This object needs to be stateful in this way because each adapter might either require time-sensitive authentication information (tokens, etc), or may be computationally expensive to create. For this reason, we want the AdapterManager to have instance variables with adapter objects.
-
restore_canonical_copy(r_id: str) → None[source]¶ Attempt to Restore a detected fault in the canonical copy of an object.
Delete the canonical copy of an object, but keep non-canonical copies. After that, create a new canonical copy, preserving resource UUID,
but with the correct object contents.:param r_id - UUID of resource you’d like to restore
-
restore_from_canonical_copy(adapter_id: str, r_id: str) → None[source]¶ Restore a copy of an object from its canonical copy.
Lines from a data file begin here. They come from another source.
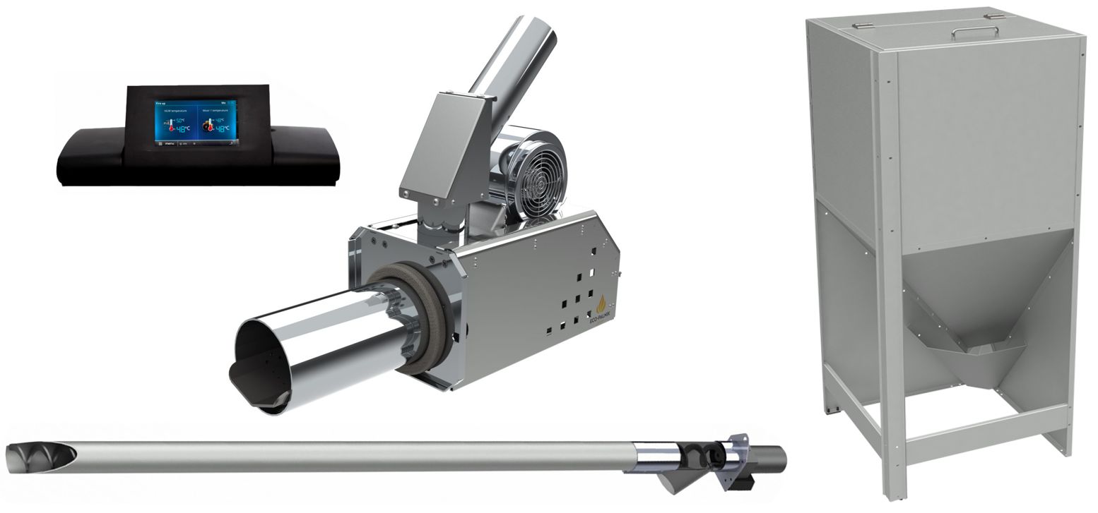 Komplektis on põleti, automaatika ja etteandetigu 1,5 m
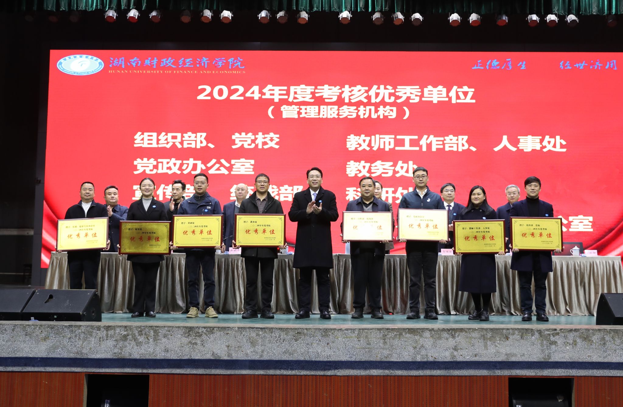 副校长郭国强宣读了学校2024年度考核优秀单位名单,全体校领导为获奖单位颁奖。
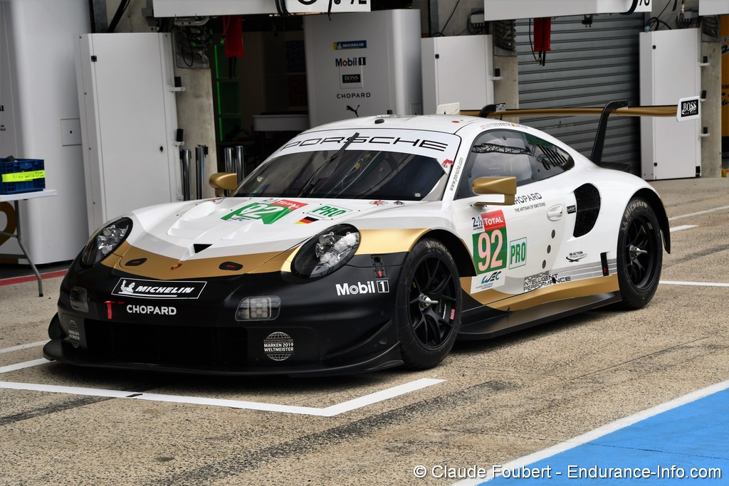 Porsche avait dévoilé aujourd'hui la livrée des Porsche 911 RSR qui participent au Championnat FIA WEC, avec des bandes dorées. Les deux voitures, la #91 et la #92 arborent déjà fièrement cette nouvelle décoration sur la voie des stands.
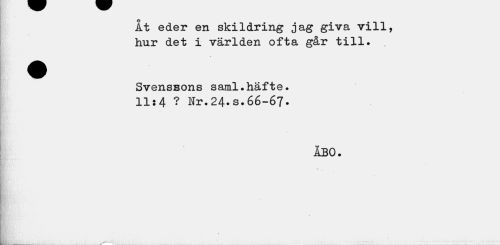 //// At eder en skildring jag giva vill, hur det i världen ofta går till. //// Svenssons saml.häfte. //// 11:4 ? Nr.24.s.66-67. //// ÅBO. ////
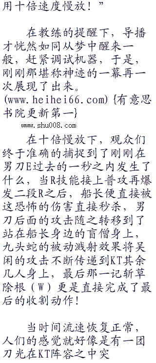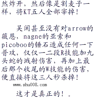 KT五人互相加油鼓劲,不过他们没想到的是,吴闲根本就没打算给他们把游戏往后拖的机会。<a href="hei." target="_blank">hei.</a>

To restore from the canonical copy, we can simply delete and
re-ingest the fraudulent copy.:param adapter_id - the ID of the adapter with the broken copy :param r_id - The resource UUID of the resource we’ve detected an issue with
-
retrieve_by_preference(r_id: str) → str[source]¶ Retrieve a resource.
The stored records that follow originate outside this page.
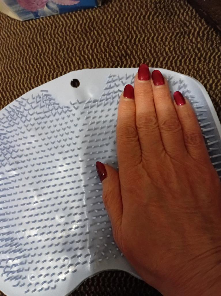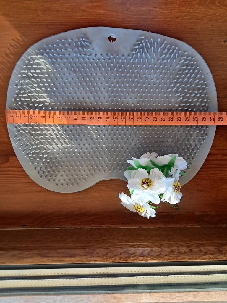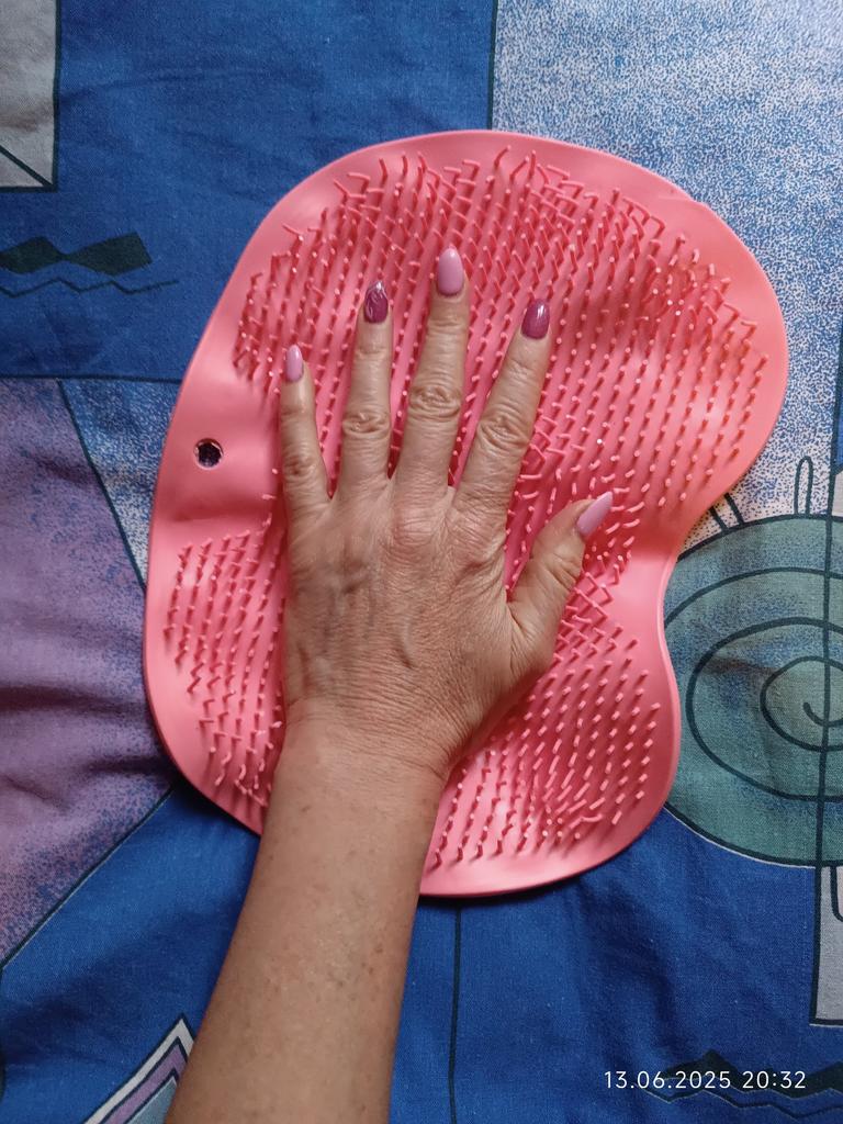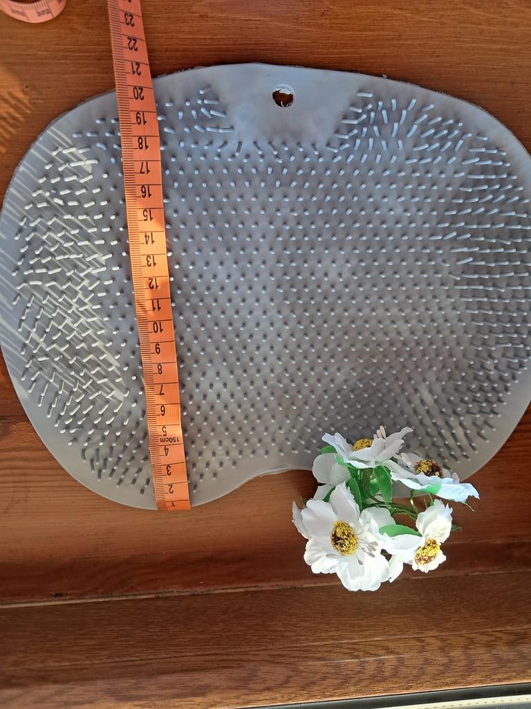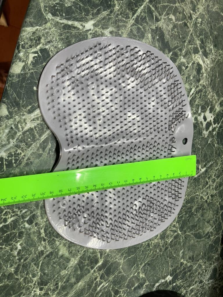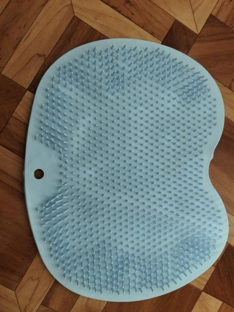 The product description states the size is 25x30 cm. In reality, it's 19x27. For one foot, maybe? And the color is some kind of grayish instead of blue. The bristles are soft, no massage will result. I filed for compensation, they returned it with points.
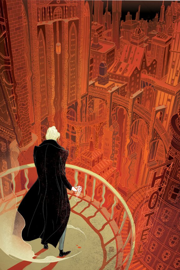 Portada de la obra Vicious. Victo Ngaiuna gran ciudad a los pies de una figura que destaca sobre el fondo rojo. Recuerda a obras steampunk o influenciadas por el cine de animación.
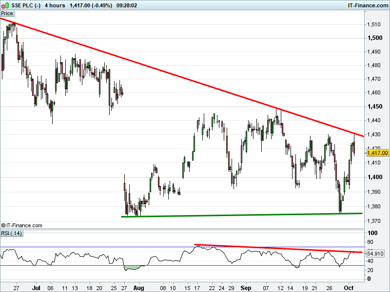 • Will the price rise towards highs of 1500p (+5.9%)? or;
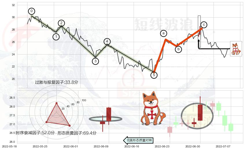 ➢ 锤头线(锤子线) 🔜 波浪理论击穿突破C点继续上涨 综合量化分数:52.11 【中性】
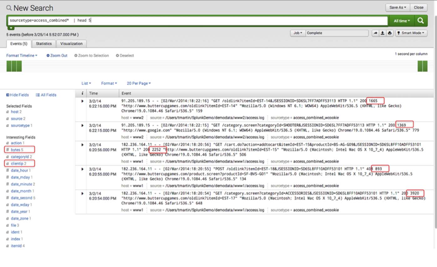 To begin, do a simple search of the web logs in Splunk and look at 5 events and the associated byte count related to two ip addresses in the field clientip.

Get a copy of a file, preferring canonical adapter, then enforcing some preference hierarchy This will be called when Libreary is asked to retrieve.
This places a file in the configured output_dir and returns a path to the retrieved file.
Keep in mind that the output directory may be volatile and should not be used for storage.
:param r_id - UUID of resource you’d like to retrieve
-
send_resource_to_adapters(r_id: str, delete_after_send: bool = False) → None[source]¶ Sends a resource to all the places it should go. The resource must have already been ingested through the Ingester. This method:
- Figures out what levels a resource has been assigned
- Figures out what adapters are associated with that level
- Figured out any overlap, to avoid storing things twice in one adapter
- Stores copies to each adapter
- optionally, deletes any remaining files in the dropbox directory
:param r_id - resource UUID you wish to distribute :param delete_after_send - boolean indicating whether to delete
files after storage
-
set_additional_adapter(adapter_id: str, adapter_type: str) → libreary.adapters.BaseAdapter.BaseAdapter[source]¶ Manually add an adapter to the pool of adapters.
- :param adapter_id - the adapter ID of the adapter you’re creating
- There should be a matching config file for this adapter ID
- :param adapter_type - the type of the adapter you wish to create.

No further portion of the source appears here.